No voy a citar el nombre exacto porque hoy no tengo el humor adecuado -me duele la espalda y estoy hasta la coronilla de oír el cencerro de las ovejas en un pueblo perdido de Asturias- para ponerme a buscar datos en el Google o la socorrida Wikipedia, pero sí la anécdota que es, en definitiva, lo esencial del asunto. Se cuenta de cierto obispo -creo recordar que se trataba de un obispo irlandés, aunque de eso tampoco estoy demasiado seguro- que llegó a Nueva York en barco porque entonces la gente iba de Europa a América, y viceversa, en barco y no en avión. Aquel hombre de fe iba a hacerse cargo de una importante diócesis neoyorkina. Motivo por el cual su llegada despertó bastante interés en los medios de comunicación. Una docena larga de periodistas lo esperaban casi al pie de la escala del trasatlántico para obtener de él sus primeras declaraciones en el Nuevo Mundo. Entre la batería de cuestiones, uno de los periodistas le preguntó qué opinaba de las prostitutas de Brooklyn. "¿Hay prostitutas en Brooklyn?", preguntó a su vez el prelado, desconocedor absoluto de esa circunstancia.
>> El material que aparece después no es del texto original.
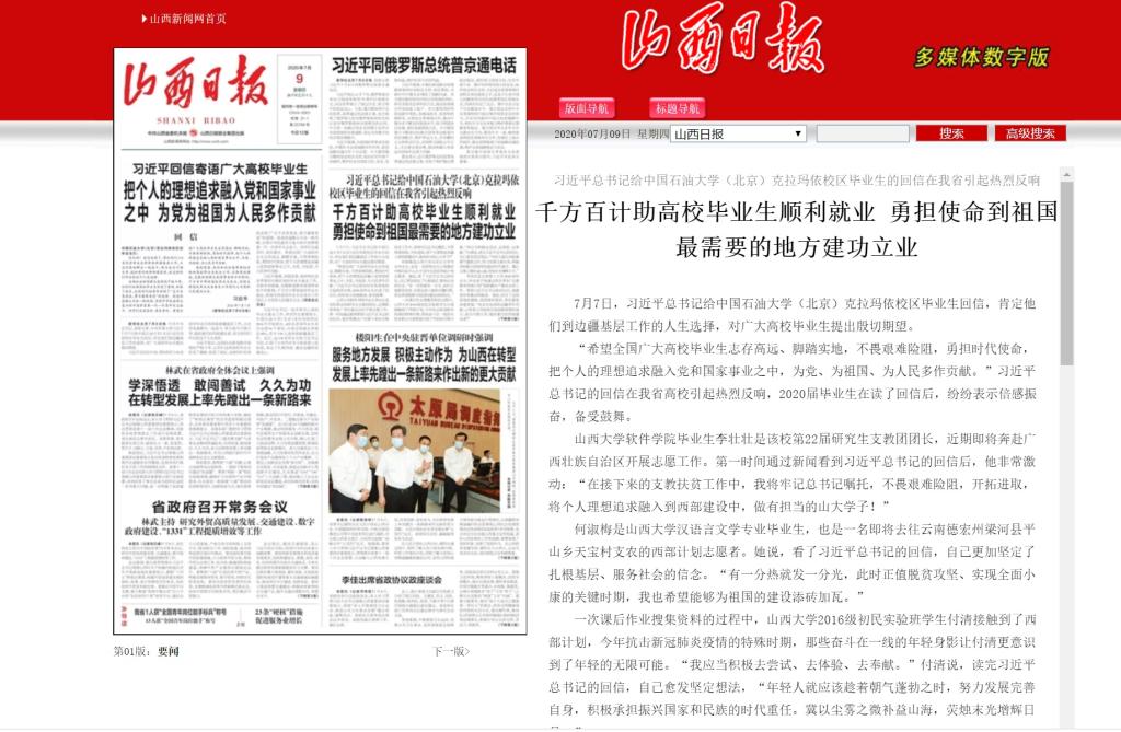 7月7日,习近平总书记给中国石油大学(北京)克拉玛依校区毕业生回信,肯定他们到边疆基层工作的人生选择,对广大高校毕业生提出殷切期望。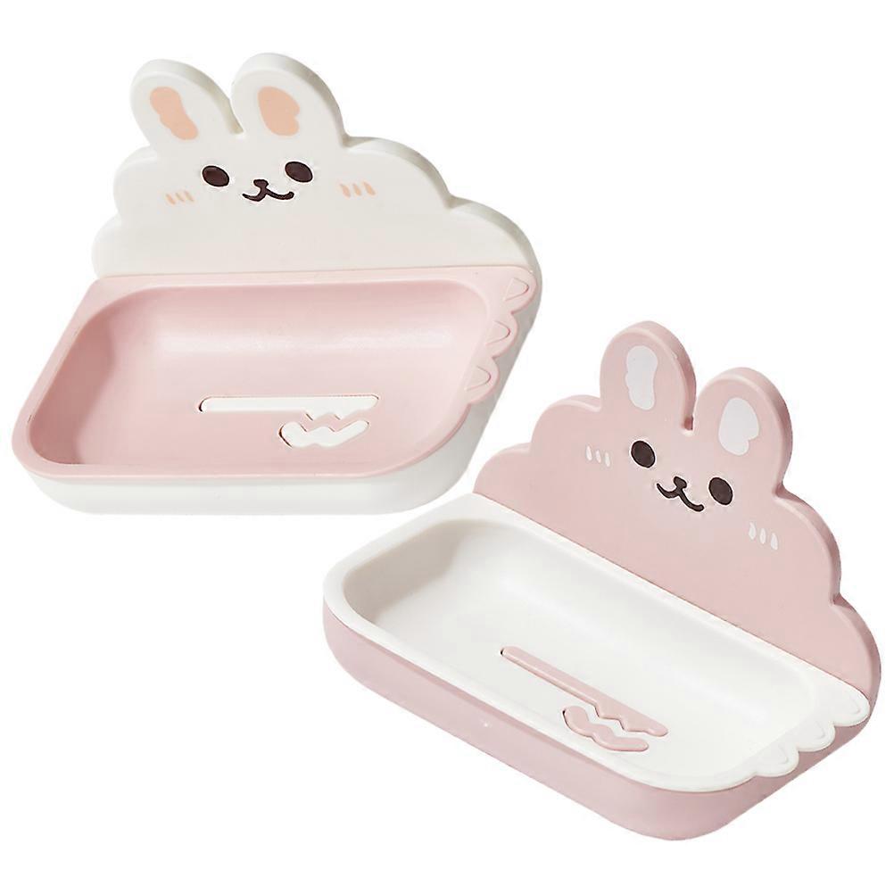 Wall Mounted Soap Dish Holder Cartoon Rabbit Shape Non-scratch Kitchen Accessories White Rabbit 14.20X10.60X9.00CM 2Pcs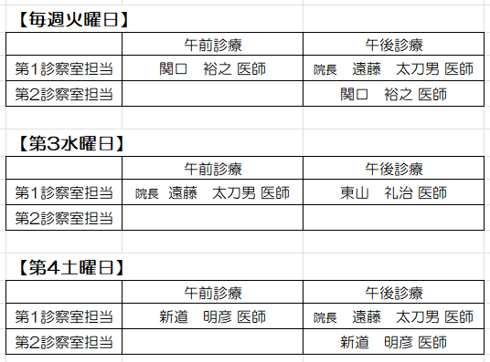 令和8年4月より遠藤院長の手術執刀のため一般外来診療担当医は以下のとおりとなります。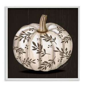 Stupell Industries Leaf Patterned Fall Pumpkin Framed Giclee Art, White, 24" x 24"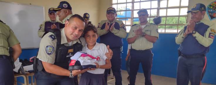En esta oportunidad, el Comisario Jefe Rigmar Borjas Contreras, director de PoliLagunillas y una comisión de funcionarios policiales beneficiaron a 17 niños de la escuela rural “Silencio Norte” con la entrega de uniformes escolares, luego de un estudio minucioso que ayudó a determinar las necesidades de los pequeños.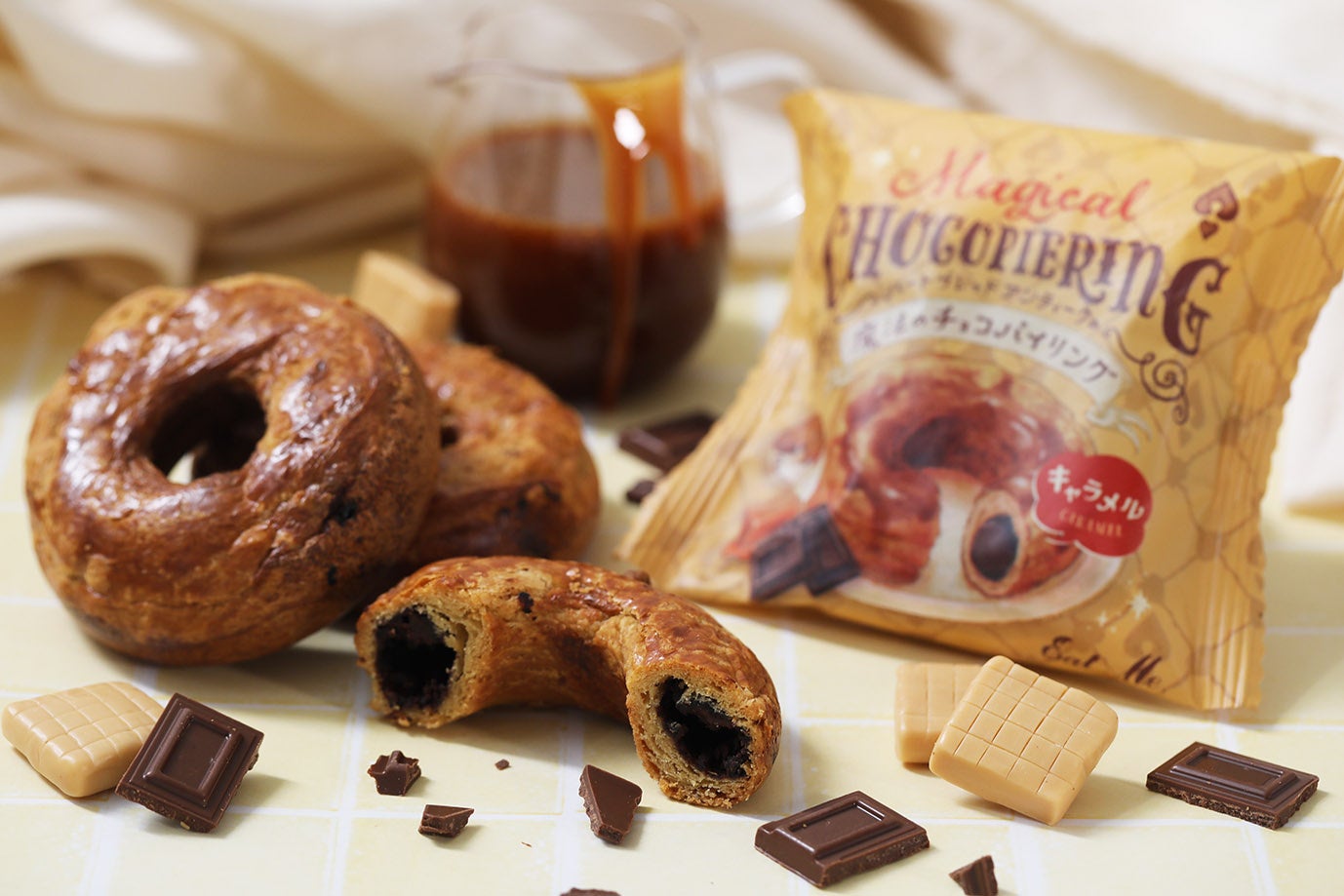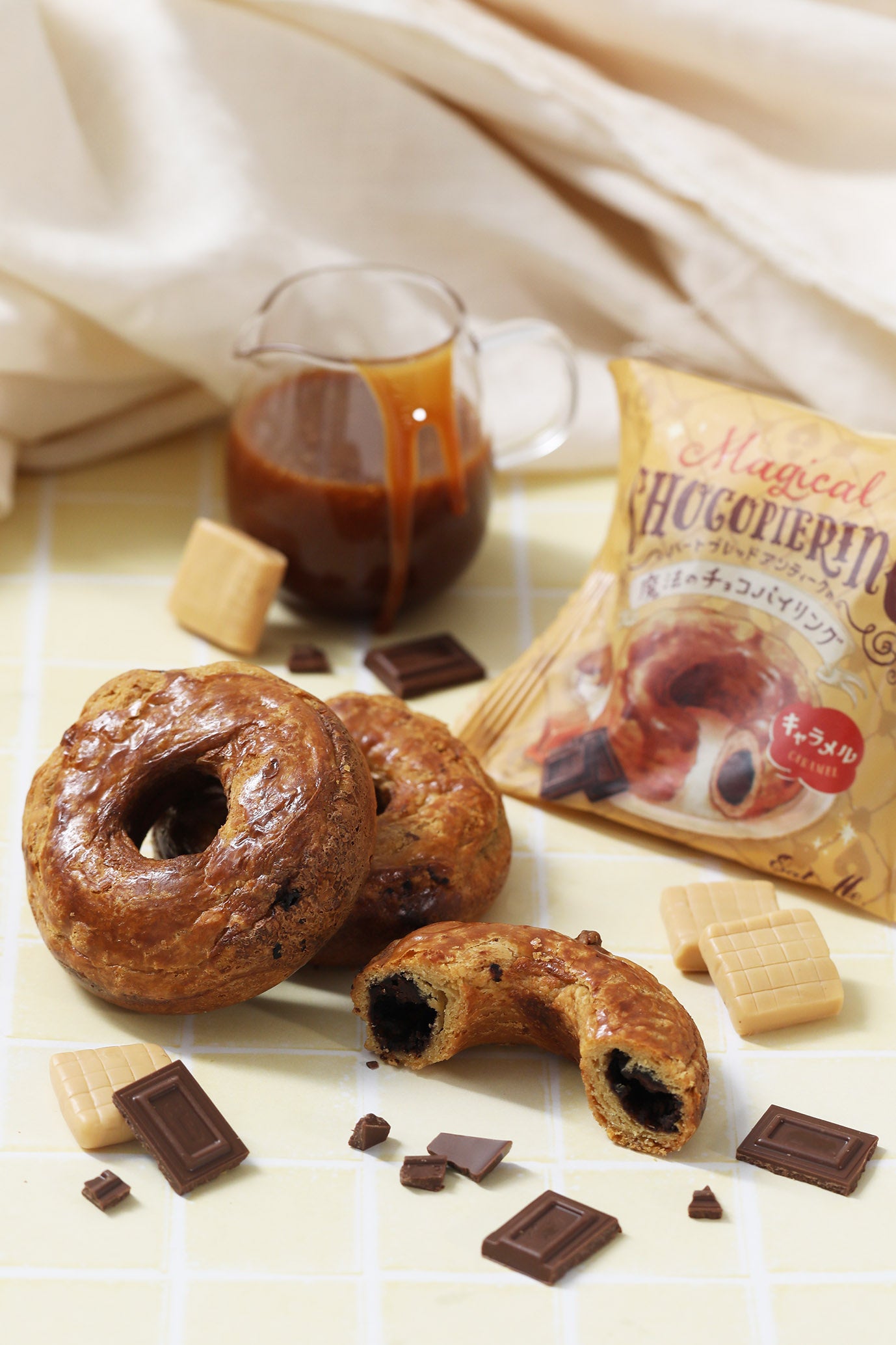「魔法のチョコパイリング キャラメル」は、キャラメルの風味豊かなサクサクしたリング型のパイ⽣地に、キャラメル風味のチョコクリームを包んで焼き上げました。1個で大満足のボリュームも魅力的です。

"Primera pregunta del obispo tal al llegar a Nueva York: ¿hay prostitutas en Brooklyn". Ese fue el titular de portada al día siguiente de varios periódicos neoyorquinos. Totalmente cierto y a la vez completamente falso atendiendo a la forma, por otra parte lógica, en que lo interpretaron los lectores. Cosas de los llamados chicos -ahora también chicas; casi más chicas que chicos- de la prensa.

Me he acordado de las prostitutas de la ciudad de los rascacielos porque hace unos días un señor de Madrid me comentó, con un tono harto despectivo, que en la ciudad alemana de Francfort sólo había visto prostitutas y drogadictos pinchándose en plena calle. Es una persona a la que aprecio. Motivo suficiente para no entrar en discusiones con ella sobre este asunto ni sobre ningún otro. Como he estado varias veces en esa ciudad alemana, la última hace poco más de una semana, me pregunté -sin formular tal cuestión en voz alta; únicamente para mis adentros- si estábamos hablando de la misma ciudad. Pronto supe que tenía esa información de oídas. En realidad, se la había comentado uno de sus hijos. En otras circunstancias me hubiera entristecido por esa pertinaz manía de los españoles -supongo que como consecuencia de un complejo de inferioridad tan absurdo como extendido en este país- de desacreditar lo foráneo. Otra opción por mi parte hubiese sido recordarle al apreciado madrileño -o gato, gentilicio alternativo para los nacidos en la Villa y Corte- la cantidad de señoras de la vida que pasean a sus anchas por la calle de la Montera, a escasos metros de la Puerta del Sol. No estaba, sin embargo, para debates.

Viajar y ver por nosotros mismos lo que hay que ver o lo que queremos conocer. No es lo mismo viajar a ras de tierra que hacerlo como turista volando de aeropuerto en aeropuerto, desde luego, pero hay que viajar; aunque sea como turistas. Al menos para que nadie nos cuente trolas.